How a bullying scandal closed a historic astronomy department
https://www.nature.com/articles/d41586-023-03953-z
2020年5月にルンド大学内の従業員を対象として行われた調査で、天文学部の回答者のうち70%が職場でのハラスメントやいじめを目撃したことがあると回答。その後、いじめを行っているのが天文学部のソフィア・フェルツィング教授とメルヴィン・デイヴィス教授であることが発覚しました。
その後の調査の結果、フェルツィング氏とデイヴィス氏は少なくとも2008年頃から、同僚に対する差別や不当な扱いなどを行っていることが(PDFファイル)明らかにになりました。
調査の直後から、OBや学生を含むさまざまなグループからの訴えがあり、ルンド大学理学部長のスヴェン・リディン氏の監督の下で天文学部の改革がスタート。2022年までに、天文学部の責任者として外部の管理者が2人招かれました。しかし、管理者と教授、労働組合を交えた話し合いでも問題解決には至りませんでした。
2022年8月にリディン氏は「現在の天文学部内に存在する閉塞(へいそく)感は、信頼性のある持続可能な方法で克服するにはあまりにも難しい」と改革の難しさを吐露。2022年11月、ルンド大学教授会により、天文学部の閉鎖が決まりました。
在籍している学者および学生は物理学部へ転属することになりましたが、天文学部閉鎖のきっかけになったフェルツィング氏は地質学部に、デイヴィス氏は数学科に転属させられています。
リディン氏は「今回の一連の組織再編により、一部のスタッフのキャリア選択に影響を与えた可能性があります。スタッフと学生の両方に適切なサポートを提供するために、我々は最善を尽くしましたが、我々にもっとできることがあったと感じる人もいることは理解しています」と述べています。
ルンド大学天文学部のメンバーの多くは「天文学部が閉鎖されることになった場合、物理学部が最も異動に適しています。しかし、組織の改革が約2年という長期間にわたったことにより、貴重な時間が失われ、教育や科学に大きな影響がありました」と語っています。
転属に伴い、天文学部棟に設置されていた望遠鏡などの展示物の運び出しが行われていますが、全アイテムの運び出しは困難で、天文学部の客員研究員であるコリン・カーライル氏は「今回の強制移籍は文化の破壊を意味します」と指摘しています。
教授の多くが天文学部から物理学部へ移動した一方で、一部の天文学者は別の大学に移籍することを決断しています。

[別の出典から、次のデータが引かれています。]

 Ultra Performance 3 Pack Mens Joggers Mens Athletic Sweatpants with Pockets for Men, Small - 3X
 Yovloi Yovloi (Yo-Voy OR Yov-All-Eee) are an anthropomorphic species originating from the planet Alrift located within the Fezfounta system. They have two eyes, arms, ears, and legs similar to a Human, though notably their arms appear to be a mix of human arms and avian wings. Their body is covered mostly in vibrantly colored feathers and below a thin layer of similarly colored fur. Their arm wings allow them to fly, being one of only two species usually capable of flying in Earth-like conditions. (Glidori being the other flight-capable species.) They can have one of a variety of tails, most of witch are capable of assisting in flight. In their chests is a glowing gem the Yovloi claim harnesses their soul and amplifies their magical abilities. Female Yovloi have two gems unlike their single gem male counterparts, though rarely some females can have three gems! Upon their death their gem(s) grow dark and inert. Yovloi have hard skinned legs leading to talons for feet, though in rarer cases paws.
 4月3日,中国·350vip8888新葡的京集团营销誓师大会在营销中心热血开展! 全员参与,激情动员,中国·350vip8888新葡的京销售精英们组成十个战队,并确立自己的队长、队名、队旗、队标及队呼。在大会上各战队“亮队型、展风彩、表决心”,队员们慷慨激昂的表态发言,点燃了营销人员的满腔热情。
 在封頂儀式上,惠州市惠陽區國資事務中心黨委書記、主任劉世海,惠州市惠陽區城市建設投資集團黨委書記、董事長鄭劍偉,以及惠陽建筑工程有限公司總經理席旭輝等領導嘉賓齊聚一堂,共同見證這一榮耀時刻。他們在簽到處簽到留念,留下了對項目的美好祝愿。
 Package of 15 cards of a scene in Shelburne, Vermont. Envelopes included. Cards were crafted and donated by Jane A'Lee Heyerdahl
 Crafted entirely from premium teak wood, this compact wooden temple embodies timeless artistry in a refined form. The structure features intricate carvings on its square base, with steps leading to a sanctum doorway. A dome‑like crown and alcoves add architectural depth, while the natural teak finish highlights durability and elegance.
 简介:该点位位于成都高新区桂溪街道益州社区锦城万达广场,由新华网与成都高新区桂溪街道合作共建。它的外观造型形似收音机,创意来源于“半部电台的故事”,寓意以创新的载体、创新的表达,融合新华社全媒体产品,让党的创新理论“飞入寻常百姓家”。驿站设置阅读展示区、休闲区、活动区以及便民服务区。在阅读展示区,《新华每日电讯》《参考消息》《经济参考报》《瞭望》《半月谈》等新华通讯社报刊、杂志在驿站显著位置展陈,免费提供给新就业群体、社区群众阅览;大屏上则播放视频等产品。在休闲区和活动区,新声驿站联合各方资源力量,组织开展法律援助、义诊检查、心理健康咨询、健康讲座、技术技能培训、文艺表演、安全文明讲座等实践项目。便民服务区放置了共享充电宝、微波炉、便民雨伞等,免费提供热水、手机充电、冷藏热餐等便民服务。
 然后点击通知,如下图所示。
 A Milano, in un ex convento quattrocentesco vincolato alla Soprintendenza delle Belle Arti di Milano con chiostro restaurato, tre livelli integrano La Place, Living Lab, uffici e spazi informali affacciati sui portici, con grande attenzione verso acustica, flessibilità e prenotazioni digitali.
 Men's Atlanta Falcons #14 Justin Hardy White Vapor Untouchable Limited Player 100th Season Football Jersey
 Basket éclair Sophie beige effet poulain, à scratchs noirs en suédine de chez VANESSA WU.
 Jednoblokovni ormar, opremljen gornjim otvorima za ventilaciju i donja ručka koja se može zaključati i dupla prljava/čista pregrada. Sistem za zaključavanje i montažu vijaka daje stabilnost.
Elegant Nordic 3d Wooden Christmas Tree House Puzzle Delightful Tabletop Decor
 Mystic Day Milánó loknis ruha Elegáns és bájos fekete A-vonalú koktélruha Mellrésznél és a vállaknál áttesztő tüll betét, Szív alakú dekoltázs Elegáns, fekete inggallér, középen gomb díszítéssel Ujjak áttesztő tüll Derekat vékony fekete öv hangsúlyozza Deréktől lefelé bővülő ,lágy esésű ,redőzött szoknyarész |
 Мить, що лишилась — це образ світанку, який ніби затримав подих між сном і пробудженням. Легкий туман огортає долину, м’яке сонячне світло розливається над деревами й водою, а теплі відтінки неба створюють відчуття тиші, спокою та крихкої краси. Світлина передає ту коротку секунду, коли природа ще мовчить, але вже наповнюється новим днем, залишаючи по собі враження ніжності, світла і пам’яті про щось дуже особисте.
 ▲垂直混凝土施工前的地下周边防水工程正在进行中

2016年から2020年までルンド大学天文学部に在籍したアンダース・ヨハンセン教授は「いつもこんな問題と向き合わなければならない人生にうんざりしました」と述べ、コペンハーゲン大学に籍を移しています。
また、2020年にフェルツィング氏とデイヴィス氏によるいじめ被害を訴えた天体物理学者のフローラン・ルノー氏は、フランスのストラスブール大学に移籍することを選びました。その際にルノー氏は「ルンド大学を離れると同僚に伝えたとき、人々は『移籍するのはいいいことだが、嫌がらせをする人は至る所にいるから気を付けろ』と忠告してくれました。それに対し私は『わかっている。しかしそれに対する管理の仕方や扱い方がルンド大学とは違うはずだ』と言いました」と語っています。
物理学部として新たなスタートを切った旧天文学部は、2023年12月から2024年初頭にかけて研究を再開するとのこと。大学に残った匿名の教授は「今回の組織再編によって、私たちは強い結束力を手にしました。しかし、天文学部の閉鎖を決定した学部長を抱きしめてありがとうと言う気にはなれません」と語りました。